ASSIGNMENT » The response must reproduce exactly every line of the material below holding the word "with".

RECORDS SUPPLIED »
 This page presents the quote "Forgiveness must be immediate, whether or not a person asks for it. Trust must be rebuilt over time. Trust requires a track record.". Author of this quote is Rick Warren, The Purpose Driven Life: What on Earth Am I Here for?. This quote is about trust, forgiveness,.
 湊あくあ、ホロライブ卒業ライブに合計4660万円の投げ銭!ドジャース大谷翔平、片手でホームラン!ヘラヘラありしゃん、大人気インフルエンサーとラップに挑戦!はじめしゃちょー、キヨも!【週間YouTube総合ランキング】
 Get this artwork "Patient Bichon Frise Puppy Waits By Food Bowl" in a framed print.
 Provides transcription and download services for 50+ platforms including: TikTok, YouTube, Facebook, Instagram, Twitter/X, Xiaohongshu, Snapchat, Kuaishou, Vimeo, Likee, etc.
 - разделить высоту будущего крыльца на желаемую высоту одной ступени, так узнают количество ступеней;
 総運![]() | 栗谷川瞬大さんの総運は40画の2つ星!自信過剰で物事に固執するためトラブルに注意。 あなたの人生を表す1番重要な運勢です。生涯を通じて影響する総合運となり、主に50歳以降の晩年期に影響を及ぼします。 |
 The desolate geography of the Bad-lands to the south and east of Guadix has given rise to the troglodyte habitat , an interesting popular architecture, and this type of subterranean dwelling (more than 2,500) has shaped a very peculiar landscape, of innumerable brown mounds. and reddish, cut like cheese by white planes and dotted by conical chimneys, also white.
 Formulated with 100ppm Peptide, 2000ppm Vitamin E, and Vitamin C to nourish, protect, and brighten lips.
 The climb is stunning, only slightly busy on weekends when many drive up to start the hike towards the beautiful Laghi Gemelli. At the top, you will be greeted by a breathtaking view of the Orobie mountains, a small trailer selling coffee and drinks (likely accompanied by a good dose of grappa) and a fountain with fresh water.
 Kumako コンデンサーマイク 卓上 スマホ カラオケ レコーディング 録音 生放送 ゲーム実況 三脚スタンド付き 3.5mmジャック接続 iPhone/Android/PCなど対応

---

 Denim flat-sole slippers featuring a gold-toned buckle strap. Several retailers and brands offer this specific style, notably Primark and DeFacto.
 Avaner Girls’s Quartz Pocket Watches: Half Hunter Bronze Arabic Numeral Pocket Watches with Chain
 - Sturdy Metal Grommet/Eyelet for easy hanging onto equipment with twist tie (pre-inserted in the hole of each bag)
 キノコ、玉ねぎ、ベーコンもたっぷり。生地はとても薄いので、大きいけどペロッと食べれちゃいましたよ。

TASK OUTPUT »
 Formulated with 100ppm Peptide, 2000ppm Vitamin E, and Vitamin C to nourish, protect, and brighten lips.
 The climb is stunning, only slightly busy on weekends when many drive up to start the hike towards the beautiful Laghi Gemelli. At the top, you will be greeted by a breathtaking view of the Orobie mountains, a small trailer selling coffee and drinks (likely accompanied by a good dose of grappa) and a fountain with fresh water.
 Avaner Girls’s Quartz Pocket Watches: Half Hunter Bronze Arabic Numeral Pocket Watches with Chain
 - Sturdy Metal Grommet/Eyelet for easy hanging onto equipment with twist tie (pre-inserted in the hole of each bag)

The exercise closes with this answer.